This fall, my son came home saying things–political things, that he had heard at school. The things he was saying were complicated and required conversation. A canned response that ‘people have the freedom to vote for whomever they choose’ just wouldn’t suffice. On one occasion, my son asked if a candidate was a liar, and on another, he told me that Muslims are evil. My son is seven.

As the election season wore on, and post-election, my son heard me saying things as well, things that before this year I never would have imagined saying in front of my children. But, at times, my emotions were raw and it was hard to shield them from how I felt. I want to raise my children to think for themselves and to recognize the beauty in a country where one is free to think and act independently. That said, I also want to raise my children to be fair and to treat all people with respect. This election and it’s result made that challenging to balance.

Our conversations have become deep, deeper than I was ready for. But, that is parenting after all, constantly being pushed outside your comfort zone to adapt to your child’s development. I try to relate what are incredibly complex topics–racism, sexism, xenophobia, to his everyday life. I speak about rules, instead of laws. I talk about his observations with friends who are from the same faith but practice the religion differently–cheeseburgers vs. no cheeseburgers. I use what he learns about the past in school, like Martin Luther King Jr., to connect to the present. It’s not easy, and it’s definitely not always pretty.

These conversations are also mixed up in the every day. One minute we’re talking about religious freedom and discrimination and the next he’s describing what he did at recess. My son is a happy boy, and I don’t want to burden him with too much of the world’s problems, but I also know that my son is an incredibly privileged boy. His blonde hair and blue eyes have gotten him and I compliments from the moment he was born. I’ve had people stop us on the street and call out to us from car windows to express how handsome he is. We’re fortunate to provide him with an amazing education, clothes for every season, sports, a bike, and healthy food on demand. We have every intention of sending him to college, something we encourage, expose him to, and save for.

I want my son to grow up knowing that not every child lives the life he does, and to question why that is. I want him to believe that his privilege is an obligation to challenge inequity, not a right to benefit from.

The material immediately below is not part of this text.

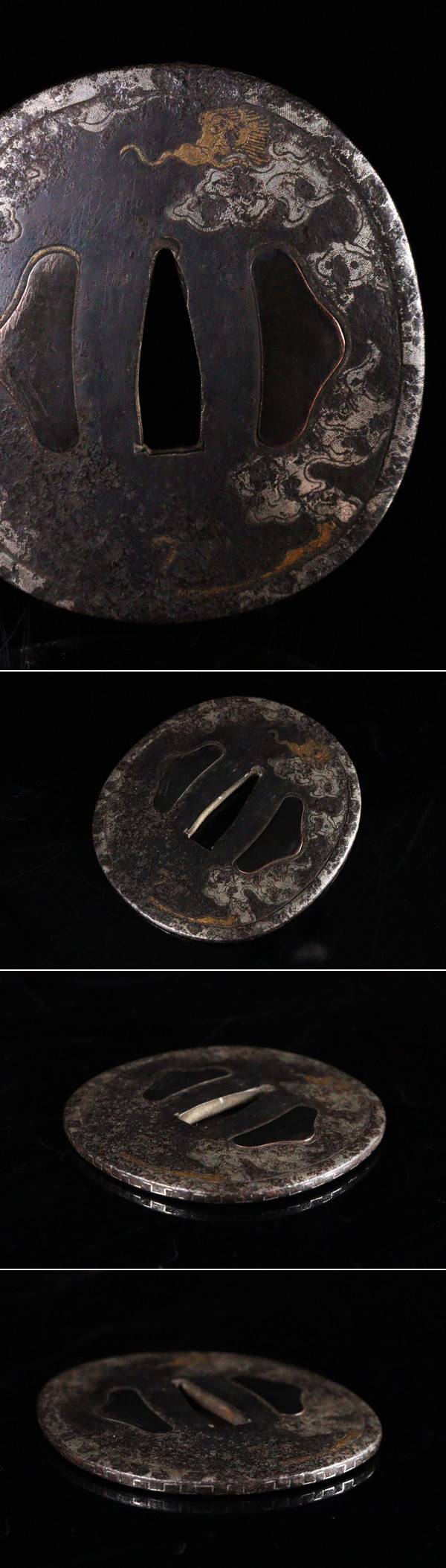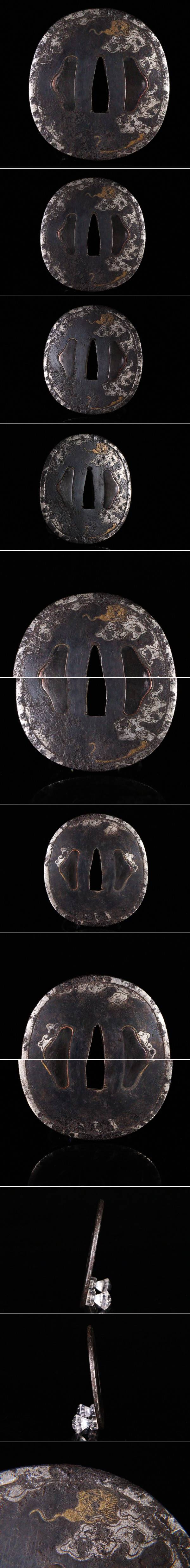 【ASAHI】時代 肥後 鉄地 金銀象嵌 龍文鍔 7.5cm 細密細工 刀装具 時代武具 コレクター収蔵品[78211qu] 收藏
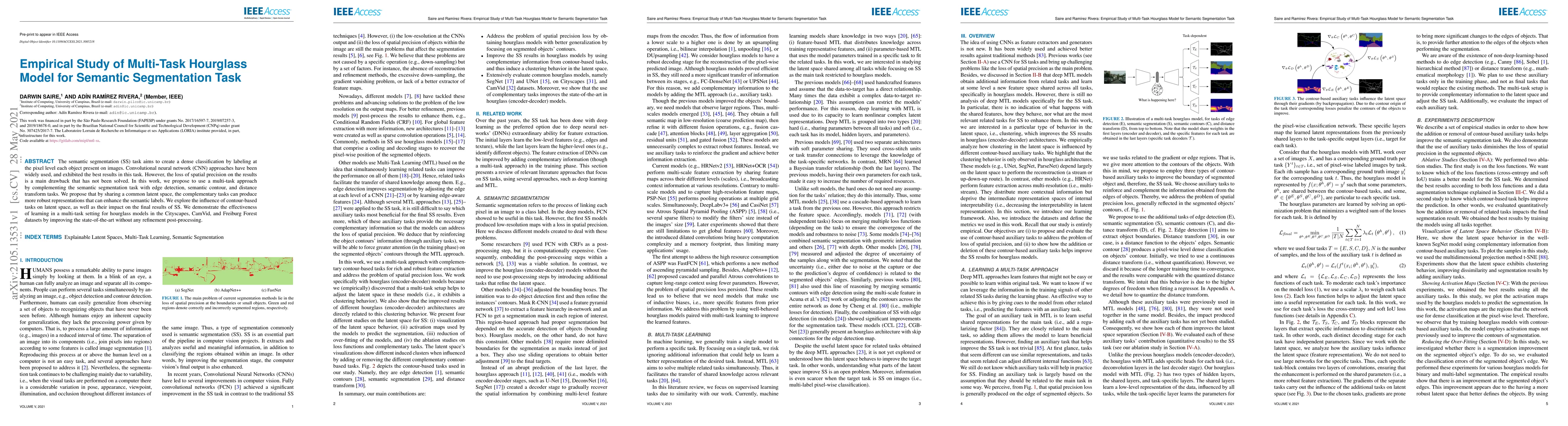 The semantic segmentation (SS) task aims to create a dense classification by labeling at the pixel level each object present on images. Convolutional neural network (CNN) approaches have been widely used, and exhibited the best results in this task. However, the loss of spatial precision on the results is a main drawback that has not been solved. In this work, we propose to use a multi-task approach by complementing the semantic segmentation task with edge detection, semantic contour, and distance transform tasks. We propose that by sharing a common latent space, the complementary tasks can produce more robust representations that can enhance the semantic labels. We explore the influence of contour-based tasks on latent space, as well as their impact on the final results of SS. We demonstrate the effectiveness of learning in a multi-task setting for hourglass models in the Cityscapes, CamVid, and Freiburg Forest datasets by improving the state-of-the-art without any refinement post-processing.

This past weekend, my son, daughter, and I participated in the IRIS 5K Run for Refugees. This was my son’s second 5K and a great opportunity to raise money and show our support for immigrant and refugee rights. On the way to the race, I asked the kids if they knew what immigrants were. My son had learned a little bit about immigrants in school, so, using the story that his Nana told us at Christmas Eve dinner about her mother immigrating to the U.S. when she was a little girl, we discussed why we were running. I also asked them if any children in their classes speak multiple languages and we discussed how hard that must be to arrive somewhere and not know how to speak the language. Both kids hadn’t a clue what a refugee was, so I used the story of Anne Frank, a recent biography we had read together, to describe who refugees are and why it is so important that we welcome and support them to the U.S.

As we continue to embark into this new world–the world that my children are growing up in, I am hoping that I can continue to raise them to think both critically and with empathy. I don’t expect them to hold my all of my beliefs or political affiliations, but I do expect them to treat all people as they would want to be treated. When it feels safe, I will do my best to continue to engage my children in activities that expose them to the world outside themselves. It’s going to be a long four years, but a lifetime of momming.